> Records for the exercise:
____________

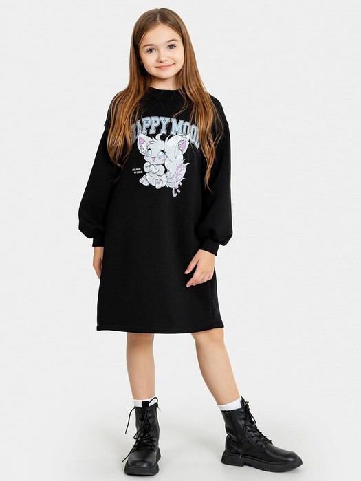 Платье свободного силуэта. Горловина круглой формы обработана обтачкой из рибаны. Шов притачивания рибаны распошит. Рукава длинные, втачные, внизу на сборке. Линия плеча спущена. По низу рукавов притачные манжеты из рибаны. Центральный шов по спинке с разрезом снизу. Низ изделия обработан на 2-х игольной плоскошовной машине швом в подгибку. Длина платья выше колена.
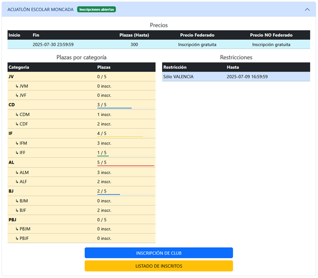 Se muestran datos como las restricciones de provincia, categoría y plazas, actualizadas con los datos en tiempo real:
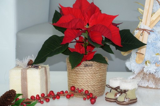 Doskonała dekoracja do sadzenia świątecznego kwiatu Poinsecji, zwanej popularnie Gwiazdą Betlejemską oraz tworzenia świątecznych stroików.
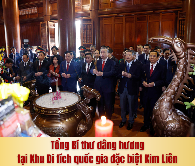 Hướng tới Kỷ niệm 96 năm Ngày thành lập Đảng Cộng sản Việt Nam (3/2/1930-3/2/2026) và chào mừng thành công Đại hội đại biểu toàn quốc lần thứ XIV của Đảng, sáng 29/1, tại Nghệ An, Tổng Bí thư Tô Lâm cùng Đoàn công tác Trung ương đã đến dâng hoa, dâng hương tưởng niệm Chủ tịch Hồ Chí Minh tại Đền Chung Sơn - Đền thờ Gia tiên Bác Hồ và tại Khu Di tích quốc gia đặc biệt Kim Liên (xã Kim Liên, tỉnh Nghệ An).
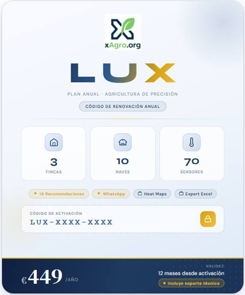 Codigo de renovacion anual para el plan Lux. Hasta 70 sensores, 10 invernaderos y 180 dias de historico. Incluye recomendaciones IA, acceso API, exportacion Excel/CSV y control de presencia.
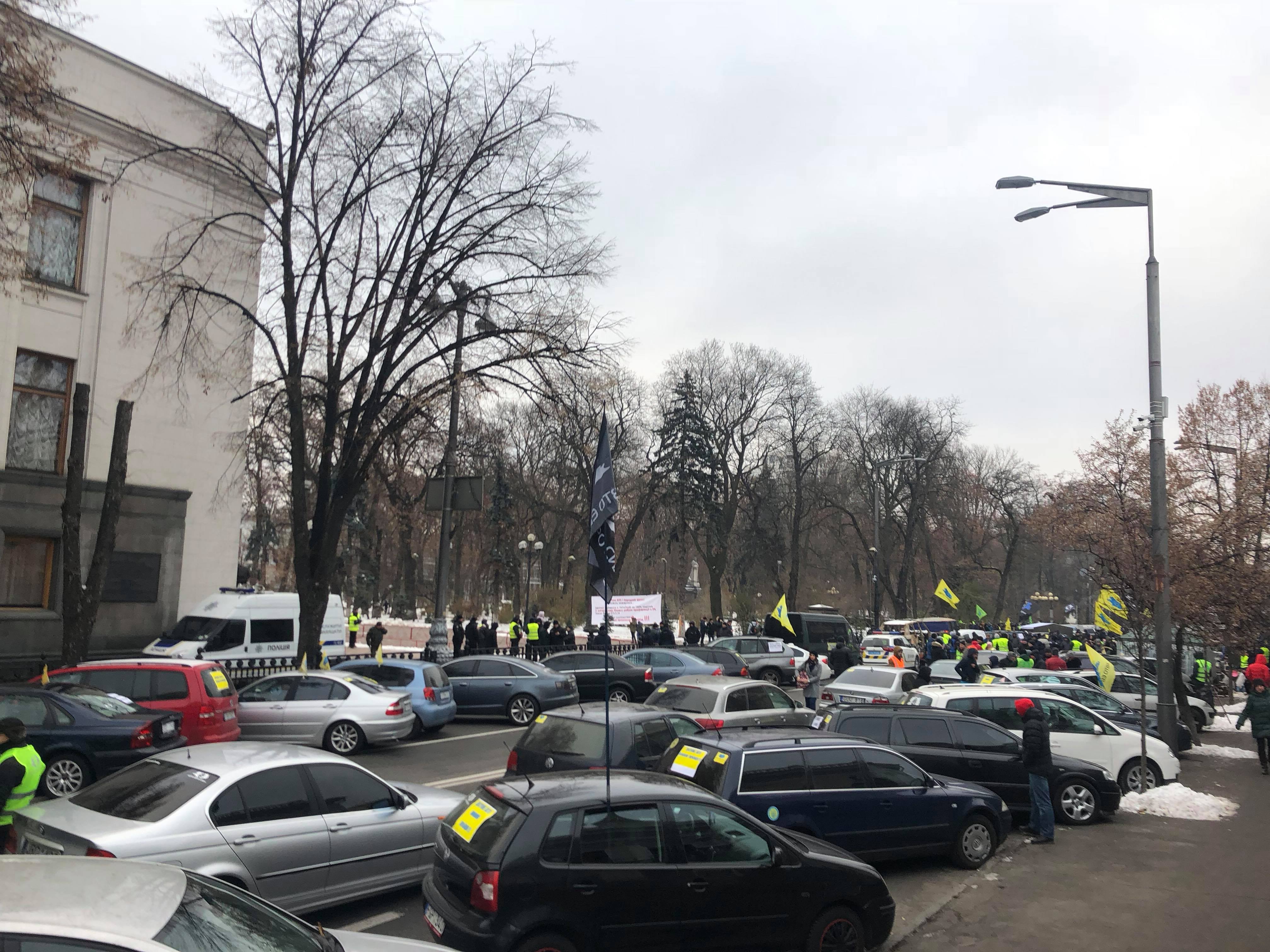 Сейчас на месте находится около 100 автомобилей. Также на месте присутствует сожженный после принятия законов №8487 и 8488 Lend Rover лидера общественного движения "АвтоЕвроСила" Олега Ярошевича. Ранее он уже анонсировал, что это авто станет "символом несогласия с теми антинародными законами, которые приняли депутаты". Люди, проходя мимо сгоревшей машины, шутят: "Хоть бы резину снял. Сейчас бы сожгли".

____________

> Directions for this task: Pictures stay out of the copy. Reproduce exactly the lines from the one containing "Doskonała dekoracja do" through the last line of the records above, both included.

> Task result:
 Doskonała dekoracja do sadzenia świątecznego kwiatu Poinsecji, zwanej popularnie Gwiazdą Betlejemską oraz tworzenia świątecznych stroików.
 Hướng tới Kỷ niệm 96 năm Ngày thành lập Đảng Cộng sản Việt Nam (3/2/1930-3/2/2026) và chào mừng thành công Đại hội đại biểu toàn quốc lần thứ XIV của Đảng, sáng 29/1, tại Nghệ An, Tổng Bí thư Tô Lâm cùng Đoàn công tác Trung ương đã đến dâng hoa, dâng hương tưởng niệm Chủ tịch Hồ Chí Minh tại Đền Chung Sơn - Đền thờ Gia tiên Bác Hồ và tại Khu Di tích quốc gia đặc biệt Kim Liên (xã Kim Liên, tỉnh Nghệ An).
 Codigo de renovacion anual para el plan Lux. Hasta 70 sensores, 10 invernaderos y 180 dias de historico. Incluye recomendaciones IA, acceso API, exportacion Excel/CSV y control de presencia.
 Сейчас на месте находится около 100 автомобилей. Также на месте присутствует сожженный после принятия законов №8487 и 8488 Lend Rover лидера общественного движения "АвтоЕвроСила" Олега Ярошевича. Ранее он уже анонсировал, что это авто станет "символом несогласия с теми антинародными законами, которые приняли депутаты". Люди, проходя мимо сгоревшей машины, шутят: "Хоть бы резину снял. Сейчас бы сожгли".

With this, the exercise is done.